Les charpentes en chêne, de l'Hermione à Notre-Dame de Paris, un volume comparable. Comparons !



De l'Hermione à Notre-Dame de Paris, une charpente en chêne de 1300 à 1400 arbres. Un volume de bois comparable mais une mise en œuvre beaucoup plus complexe en charpente navale. L'Association Française des Eaux et Forêts, AFEF,  a publié sur son blog le 17 avril 2019 un article rappelant que les forêts françaises disposent de tout le bois nécessaire tant en qualité qu'en volume, et ce sans aucun problème : "une goutte d'eau" pour notre forêt.  (voir  www.afef.frPour mémoire : l'AFEF, association reconnue d'utilité publique et créée il y a près d'un siècle, est un cercle de réflexion regroupant des responsables forestiers et des professionnels du bois. 

Dès le 16 avril, avec Jean-Marie Ballu, le Télégramme évoquait ce volume de bois, assez comparable à celui demandé pour la reconstruction de l'Hermione. cf https://www.letelegramme.fr/france/notre-dame-la-charpente-c-est-le-meme-nombre-de-chenes-que-pour-l-hermione-16-04-2019-12260781.php (pour plus de détails, voir le livre "l'Hermione, l'aventure de sa reconstruction", par J-M Ballu éditions Vagnon / Fleurus).

Pour une charpente de cathédrale, il s'agit de bois droits faciles à trouver et de diamètre moyen ; par contre pour une coque comme celle de l'Hermione, la recherche est beaucoup plus difficile car il faut aussi trouver des "fourcats" (en fourche) et des bois courbes, courbant et tors de gros diamètre ; de plus la mise en œuvre est beaucoup plus complexe ! 
Parce que hissés à grande hauteur avec les moyens de l'époque, de simples cages d'écureuil, les sections des bois de Notre-Dame de Paris, sont relativement faibles (diamètre des troncs de l'ordre de 35 à 45 cm) donc séchant beaucoup plus vite, une fois débités (sciés). En revanche, dans les grands châteaux comme Chambord, les sections des poutres de planchers avaient été réalisées dans des chênes de 80 cm à près d'un mètre de diamètre. 
Nos entreprises ont déjà une partie du stock nécessaire en séchage.

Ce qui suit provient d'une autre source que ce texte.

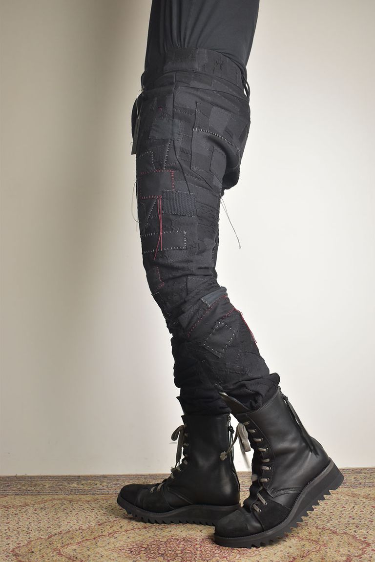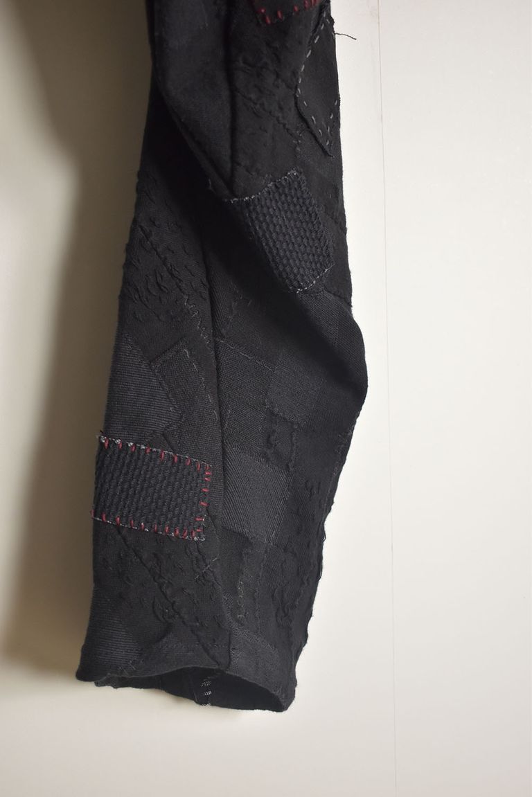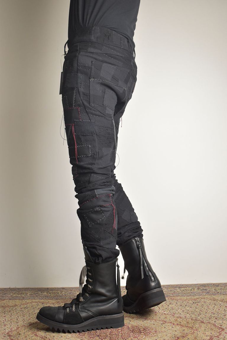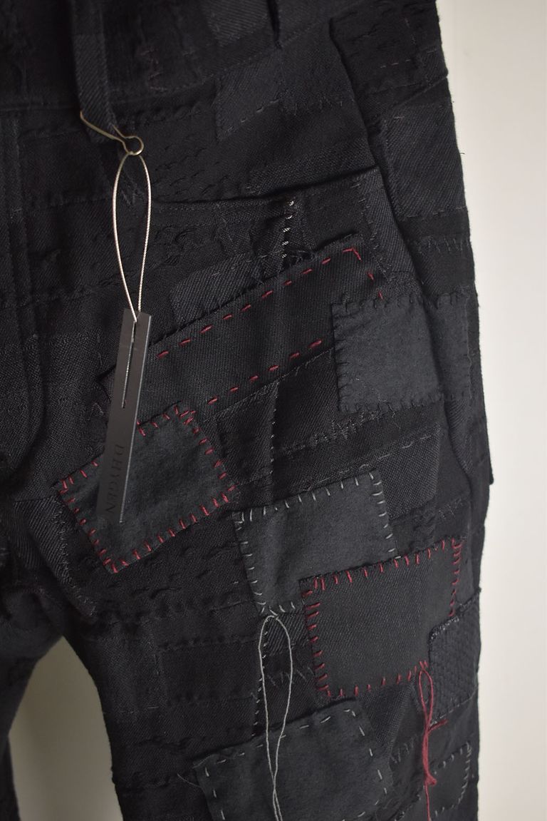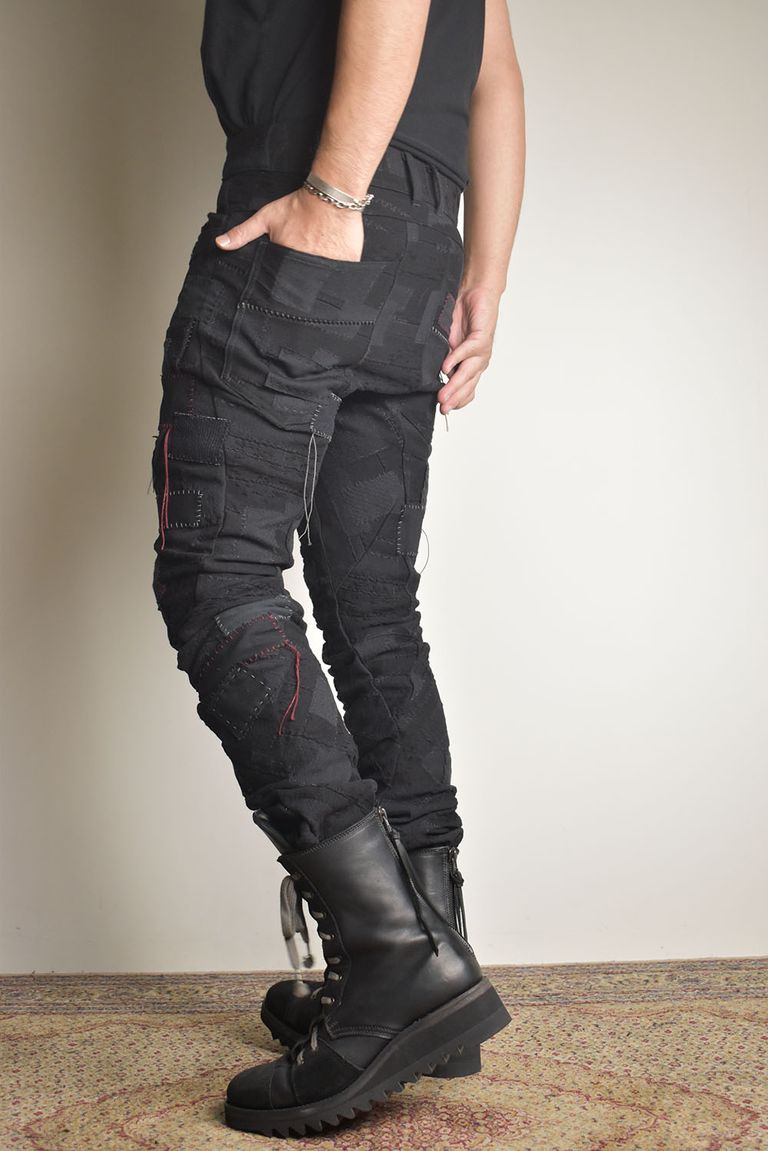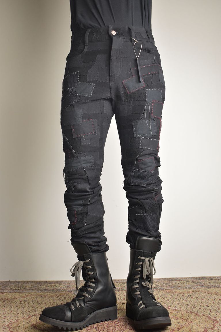 Hand Patchwork Crust Jacquard Overlock Twist Curve Pants "Black" / ハンドパッチワーククラストジャガードオーバーロックツイストカーブパンツ"ブラック"

De plus, même dans les chantiers de marine, on commençait avec les stocks de bois secs, mais une partie du séchage se faisait à l'air le bois étant déjà mis en place, et si on manquait de "bois sec", on ralentissait de quelques mois la construction pour laisser sécher ; c'était d'ailleurs surtout pour les bordages (pour l'étanchéité de la coque) que l'on exigeait du bois "sec". Sous Louis XVI, la réglementation imposait qu'une frégate reste au moins deux ans en chantier pour permettre à la membrure de sécher (chantier en général de 3 à 5 ans).

Pascal Jacob, expert bois, a dans le même sens adressé, au Président de la République, à propos de la reconstruction de la charpente de la cathédrale Notre Dame de Paris, une lettre démontrant l'importance de reconstruire en bois https://www.pascaljacob.fr/notre-dame-de-paris 
Cliché Pascal Jacob






La comparaison entre "les charpentes de nos bâtiments de terre ou de mer", comme le disait l'ordonnance de Colbert en 1669, reste instructive. Enfin prévoir un village d'artisans au pied de Notre-Dame serait extrêmement instructif et ferait une belle promotion de nos savoir-faire. C'est ce défi qui a été remarquablement relevé par l'Association Hermione Lafayette, avec Benedict Donnelly et notre académicien Erik Orsenna, en réalisant en 17 ans une superbe réplique historique de la frégate qui avait officiellement conduit La Fayette aux Etats-Unis. 
La restauration de la charpente de Notre-Dame de Paris, qui lui avait permis de durer près de 9 siècles et aurait pu durer plus encore, doit se faire dans les règles de l'art et de l'histoire pour les siècles à venir.